И в темные земли свергаются лавой через город, через Проспект, кроют копытным грохотом по пустым трамвайным бульварам - вдоль замурованных оробелых этажей - годы назад горели кафе, кипели праздные в огнях вечера бульваров, кондитерские, футуристические концерты, рестораны - крыши, с которых - в теплую ночь - в цветные пароходные огоньки Днепра, в короленковскую, гоголевскую хохлацкую Русь, откуда качающимися поездами на Кисловодск, на Вену… нет, Запорожье, гик, ночь половецкая…

* * *

…И отгулял молодняк по Рассейску. Увезли.

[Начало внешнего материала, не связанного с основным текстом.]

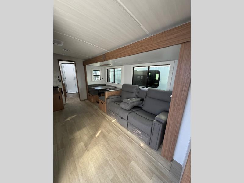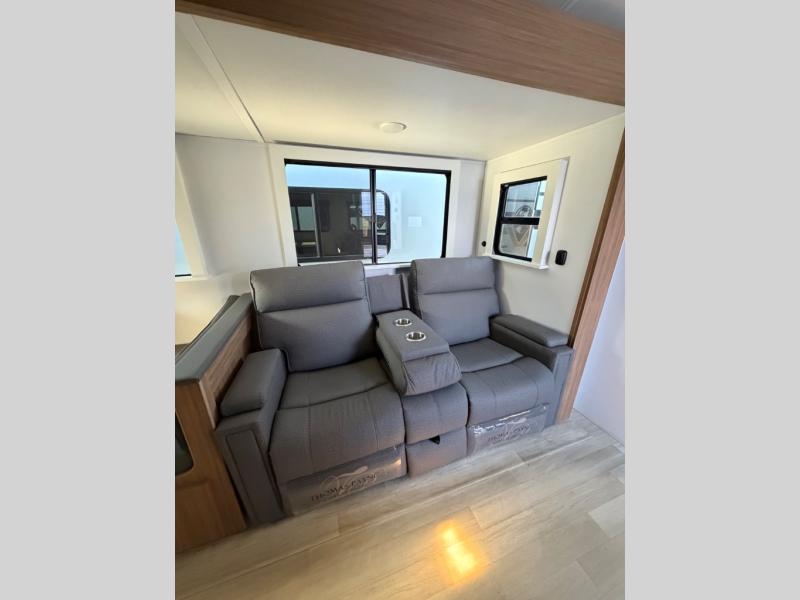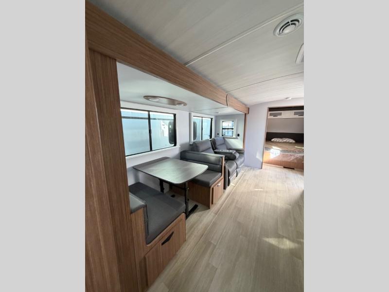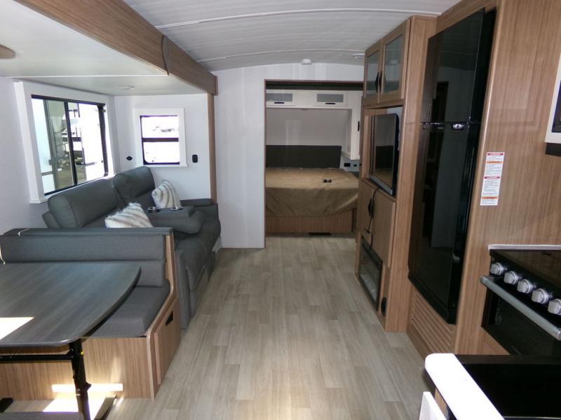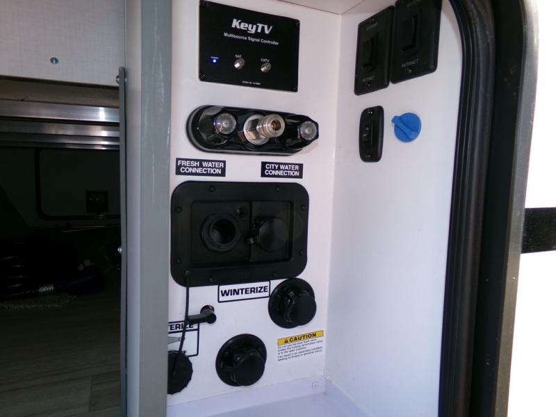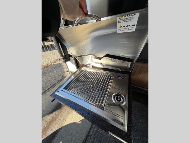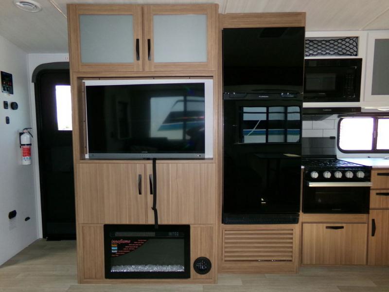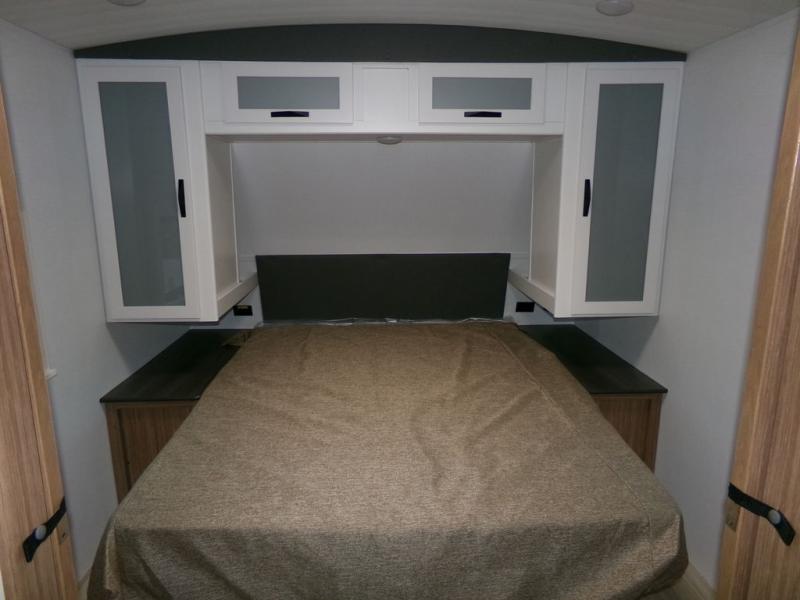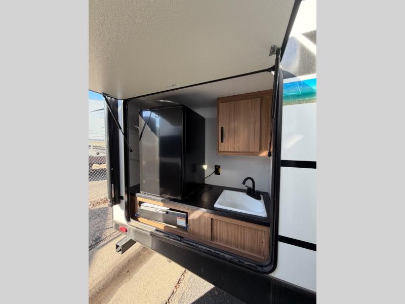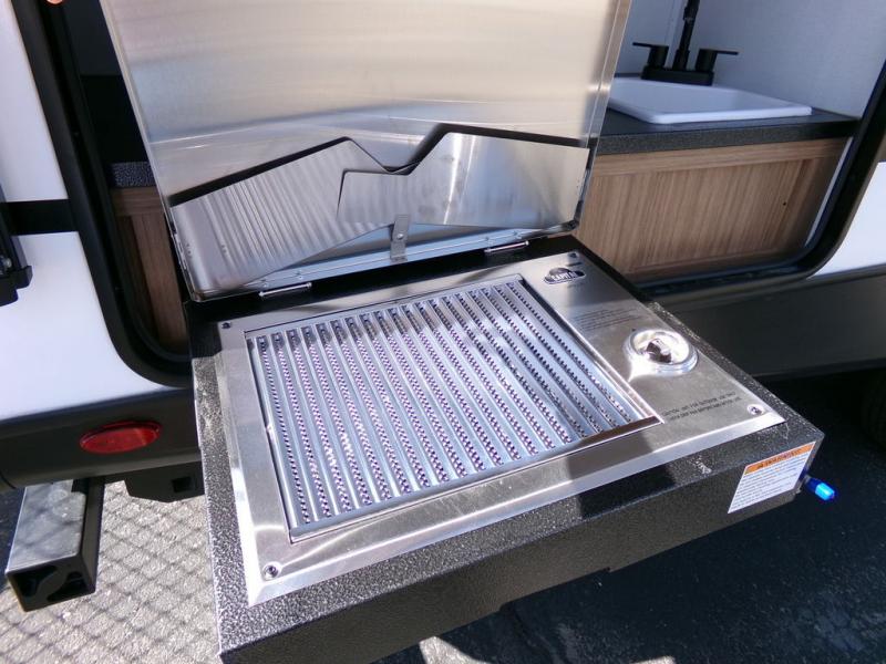 Time spent in this dual axle travel trailer will be time well spent. You can put out the 21' awning when you arrive, then unload the pass-thru storage and start lunch on the exterior kitchen with a Capital grill, sink, and 4.4 cu. ft. refrigerator. The tri-fold sofa and Do-More dinette table within the large slide out will provide a place to relax and dine each day, and there is a full interior kitchen when the weather isn't cooperating outdoors. This unit includes a front private bedroom with sliding doors for more space, a queen bed, dual wardrobes, and a nightstand to keep everything tidy. And don't overlook the full rear bath that will allow you to clean up each day without having to leave your trailer!

Глухой осенью где‑то в чужом большом городе уходили за предместья, в поле, утоптанное и исстрелянное, бегали, припадали на землю, учились, как ловчее пырнуть. В улицах примерзла кочкастая грязь, соломой насорено по дорогам; предместьями часто тянутся телеги к вокзалам - мимо фабричных дымов, мимо разного каменного жилья, с узкими тухлыми окошечками, телеги везут пропитых, обвопленных, мутных уж… промерзлые дороги терзал казенными сапогами молодняк, били в землю остервенело сразу сто ног, словно желая изодрать ее в клочья, бил ногой Толька, - а не все ли теперь было равно? Глаза у всех бравые, выпученные, хмельные, из глоток, как из железных труб - с присвистом, с пляской -

Грудью Маша заболела, сама чуть жива.
Грудью Маша заболела, сама чуть жива,
И - и-и - ихх!..
Сама чуть жива!
Фьюи - и-и!..
Сама чуть жива!

Жили на постое в бывшей пекарне, в подвальном этаже. К зиме намело снегу, занесло окна до самого верху. Солдатье возвращалось затемно, до угара натапливало печь; наломавшись за день, изжегшись холодом, исходило потом на горячих кирпичах, наваливалось там друг на друга, ржало. Слезал кто‑нибудь на верстак, брал балалайку; брякался тогда с печи на казенные сапоги вислозадый, коряжистый Калаба, просил:

- Эх, сыграй, друг, "Субботу"!..

А когда играли, тошно становилось Калабе, не знал, куда деться: хватался за наваленные для топки пятипудовые коблы, пыхтя раскидывал их по углам, черт знает зачем, чугунная нога сама притопывала, глаза тоскливо, просительно смотрели на ребят, ребята - на него, - и скрежетало где‑то у всех в нутре, просилось… Томясь, что бы еще сделать, вытаскивал из сумки солдатскую палатку, завертывался в нее, палатка изображала не то саван, не то мантию, стоял, выкатив грудь, свирепый, чванный, как царь.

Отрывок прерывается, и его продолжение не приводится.